Reading the Qur'an as a Quaker


How do Quakers “love thy neighbor”? For Michael Birkel, it meant crossing religious boundaries to have meaningful conversations with his Muslim neighbors.

Transcript:

There is within Islam a sacred saying called a “hadith,” in which God is speaking and God says, “I was a hidden treasure and I desired to be known.” This was one of the motivations of the act of creation itself. “I was a hidden treasure and I desired to be known.” If that desire— that deep desire—is imprinted on the very fabric of the universe, then our coming to know one another across religious boundaries is a sacred task and a holy opportunity.

Reading the Qur’an as a QuakerConversations About the Qur’an

So I traveled among Muslims who live from Boston to California, and I just had one question for them: would you please choose a passage in your holy book and talk to me about it? The result was a series of precious conversations, because what they brought to the conversation was their love for their faith, for God and for the experience they had of encountering God’s revelation through the Qur’an.

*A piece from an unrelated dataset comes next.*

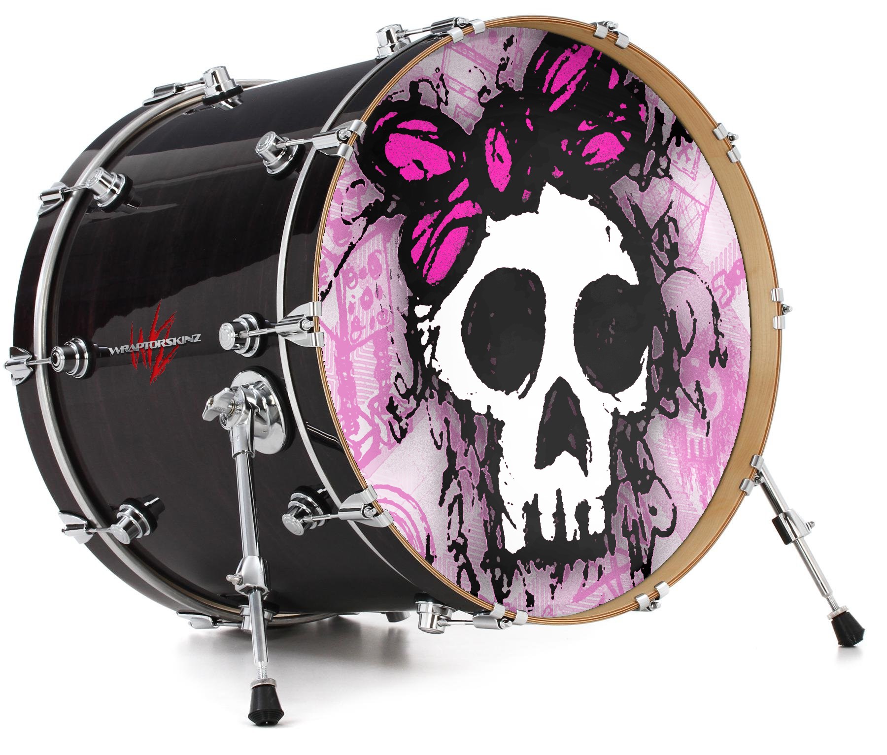 This design also available in other sizes. WraptorSkinz® skin wraps compatible with most kick drum heads. Printed using superb photo quality designs and vibrant colors printed with special fade resistant inks that last even in direct sun for years. WraptorSkinz are a composite three layer commercial grade materials vinyl. The bottom layer is a air release, grey block out removable adhesive that hides existing graphics on the drum head and is easily applied without air bubbles. The middle layer is a flexible vinyl printed with UV protected, fade resistant inks that deliver superb photo quality designs in vibrant colors. Finally, we bond a professional grade laminate over the entire skin adding a glossy protective finish.

The Experience of Reading the Qur’an

One of my Muslim teachers told me, when I asked him, “what is it like to read the Qur’an?” and he said it’s this experience of overwhelming divine compassion. You feel yourself swept up into this divine presence where you feel so loved that nothing else matters. Any other desires you had in the world just disappear. You are where you want to be. At the same time, you feel this overwhelming sense of compassion for others. And he told me if you don’t feel that, you’re not reading the Qur’an.

A Diversity of Voices

I spoke with Muslims from many places that are within the spectrum of the Islamic community. I spoke to Sunnis, I spoke to Shiites, I spoke to Sufis, I spoke to men, I spoke to women. I spoke to people of many ethnic heritages. If there’s one thing I learned, it is that whatever you think Islam is, it’s wider than that.

One imam—who was by 39 generations removed a descendant of the prophet Muhammad himself—spoke to me and said that for him, one of the jewels of the Qur’an was this notion that you do not repel evil with evil. You drive away evil with goodness. And if you drive away evil with good, then you find that the person whom you regarded as your enemy can become your friend.

Another Muslim teacher taught me that according to the Qur’an, when we hear about good and evil, our task is not to divide the world into two teams—here are the good guys, here are the bad guys—but rather, our inclination towards evil is found in every heart and that is where the fundamental conflict resides. This to me sounded very close to the message of early Quakers.

Encountering the Qur’an as a Non-Muslim

I believe that for a non-Muslim, encountering the Qur’an for the first time might be perplexing. You might imagine being parachuted down into the book of Jeremiah. There you land: you don’t know the territory, here are these prophetic utterances (which is how Muslims see the Qur’an) and in Jeremiah they don’t always have names attached to them. They’re not in chronological order and they’re not thematically arranged. I believe the Qur’an can read like that to a newcomer. That’s why I think it’s valuable to read it in the company of persons who have been reading it their whole lives.

What is it like to read someone else’s scripture? I think it’s quite possible that it can change you in ways that I can’t predict for any reader, except to say that it will make your life richer. It will make your life better to know this. I am not a trained scholar of Islam. I did some preparation for this project, but mostly what I did was go out and talk to my neighbors, and it changed my life. And so I would like to encourage anyone who’s hearing these words to go out, cross religious boundaries, talk to their neighbors, because your life will be changed too.